Happy Chinese New Year!
Thanks to Google's adorable graphic, I was reminded that today is the Chinese New Year, Year of the Rooster. And as someone who emerged as a fresh-faced babe in 1981, the year of the Rooster is MY year! And what a year it's turning out to be!
Roosters are defined as boastful, cocky, hard-working and flashy (ding! ding! slide-whistle! ding!). Check out these other "celebs" basking under the rooster comb:
As you can see, I'm in amazing company: From Osama to Yoko, I'm clearly shit-smearingly insane. And let's not overlook Britney and Rod! Taking into consideration that I share a birthday with O.J. Simpson and Courtney love, this looks like it's gonna be the most mass-murdering, Beatle-breaking-upping, barefoot-Cheetoh-eating, wife-killing, heroin-injecting, midget-hair-sprayed year yet!

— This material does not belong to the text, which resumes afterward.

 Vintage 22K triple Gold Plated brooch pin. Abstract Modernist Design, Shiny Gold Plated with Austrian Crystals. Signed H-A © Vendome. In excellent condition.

Now, a prediction for the year ahead from my source of all high-brow, junky teen news, the BBC:
Drum rolls... more like blubber ones! How ever did they get word about my fat plans! Alas, it is true. Here I sit, eating my breakfast of 7-cheese quesedilla (who knew chocolate syrup was a cheese?) stuffed inside a fried duckling, thinking about 6 months from now when Daniel Baldwin and I will lovingly feed each other human baby parts, like in 9 1/2 Weeks, only a lot schweatier. Alas, I won't let my newfound body ruin my inner rooster "confidence".
Me in a nutshell. It's like looking into a mirror.

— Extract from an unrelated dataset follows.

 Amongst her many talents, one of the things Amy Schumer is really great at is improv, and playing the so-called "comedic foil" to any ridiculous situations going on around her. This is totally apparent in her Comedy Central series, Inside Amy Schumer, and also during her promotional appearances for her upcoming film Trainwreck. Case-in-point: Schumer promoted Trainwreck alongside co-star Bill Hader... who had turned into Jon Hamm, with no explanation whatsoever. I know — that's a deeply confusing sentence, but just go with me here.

So let's review how this very special Rooster New Year has been treating me so far. My day began with a dickless subway conductor closing the doors on my arm, with my bag and wallet inside of the train (my worst fears realized.) I held on with all my might, and managed to pull my body inside in between the door slamming intervals that managed to damage my coat, mark up my pants, and leave a dark red burnt-rubber gash on my wrist. (Gash Wednesday indeed. Seriously.) I spent the rest of the train ride noticing how people refused to look me in the eyes, and pressed up next to some asshole who, on a packed train, was reading The Post, all the while trying to block the articles from me. What a dick. (Also, I'm not normally a train-shover-onner, but I was mighty late this morning as I got lost in a Today show trance for 35 minutes this morning.)
Once at work, I cracked open a delicious Nantucket Nectars Orange Mango, a drink that will no doubt lend itself to my "Fat Plans 2005". If you haven't tried this, then don't. You will shortly become addicted. Also, where can I get the keys to this ride?
Finally, this post is somewhat of a bastardized Frankenstein of ideas, as I had already written it and it got deleted. The first one was better, but alas, this free program can only do so much (re: my brain.) All bitching and moaning aside, Happy New Year, or a Good Lent, depending. (Can you say "Good Lent"?)